Take out this “drain plug” too, you won‘t be needing it… this will become the TOP of the catch can, believe it or not.


__
Image uploading. Refresh page to view










Now, break out that putty and read the directions, follow them to the T! Before applying this putty to the holes you want to cover, I like to roughin’ up where I’m going to put it, as the directions will explain. It “adheres” better to a rough/CLEAN surface, I just took a drill bit and ran it around the holes I wanted to fill, nickin’ it up all around it - followed by a good washing with a scrub brush (Obviously, let the can be completely dry before applying ANYTHING!) When the time is right, just kind of plug that hole with the putty, while pushing all around it. (try to NOT put TOO MUCH pressure on “holes area” but enough to where it adheres to the sides of the hole! Got me? You might be left with a “dimple” but LEAVE IT to DRY! Very important! You can do the JB Weld in LAYERS and it helps a lot with building strength to the “weld”. You got to have the “structure layer” first and build around, on top, of THAT! Even if it looks like a “glob” on the hole, its ok, remember it’s going to be sanded down! I REALLY hope this is making sense… lol 

*TIP - I’ve also found that if you have a cup of water next to you (or even some spit!) that you can get your finger damp after putting the putty in place and “mold it” like clay. It helps A LOT with making it look pretty(ER) and not sticking to your fingers and pulling off the metal you want it to adhere to. IT WILL STICK TO YOUR FINGERS. (TOO MUCH water will soften it up though, NOT what you want! So take it VERY light… just enough to have your finger damp.) 

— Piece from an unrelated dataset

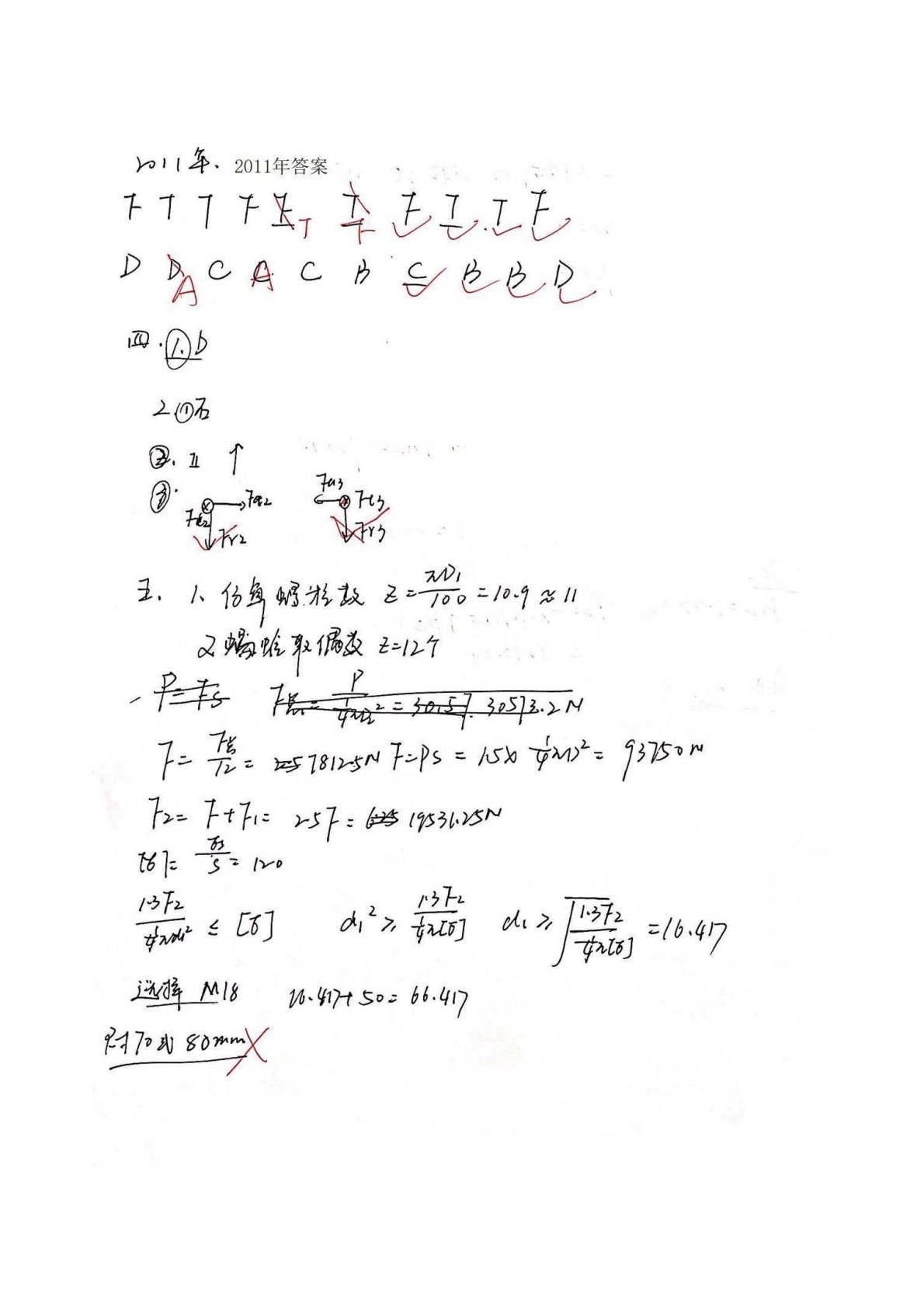 青岛科技大学812机械设计2011年真题答案1手写版

The holes your going to want to fill are 3. Two right next to each other, on the ORIGINAL top of the catch can… where the original fittings are. One is a bolt hole and the other is a hole for the fitting to slip inside of. This catch can MAY work on a go-kart as is, but honestly, I think even for a 5 HP Briggs it would still be too restrictive! :laugh: 

The other hole is the hole for the clear “level line fitting” on the original can, you want to do the one that’s towards the ORIGINAL top! Remember, we’re flipping this thing upside down in the end, trust me on this. So… the ONLY HOLES that should be left are two on the original top, so you can still fit ONE original fitting (there’s 4 in all, from both of the inlet/outlet fitting(s), you filled TWO… that leaves 2! Doesn‘t matter which one you do honestly…) AND the one hole for the “level line” that was at the top, closest to those original fittings. Make sense? Here, maybe this picture will help…


__
Image uploading. Refresh page to view










After the putty FULLY dries (About 2-3 hrs. ATLEAST. A freezer helps out with hardening it better, if it is thrown in it, immediately after application), take those holes you covered/filled and sand them down. Starting w/ a low grit sandpaper and leading up to a fine grit. It reminds me of a STRONG @$$ “Bondo”, just treat it kinda the same way! Shaping and smoothing to your liking…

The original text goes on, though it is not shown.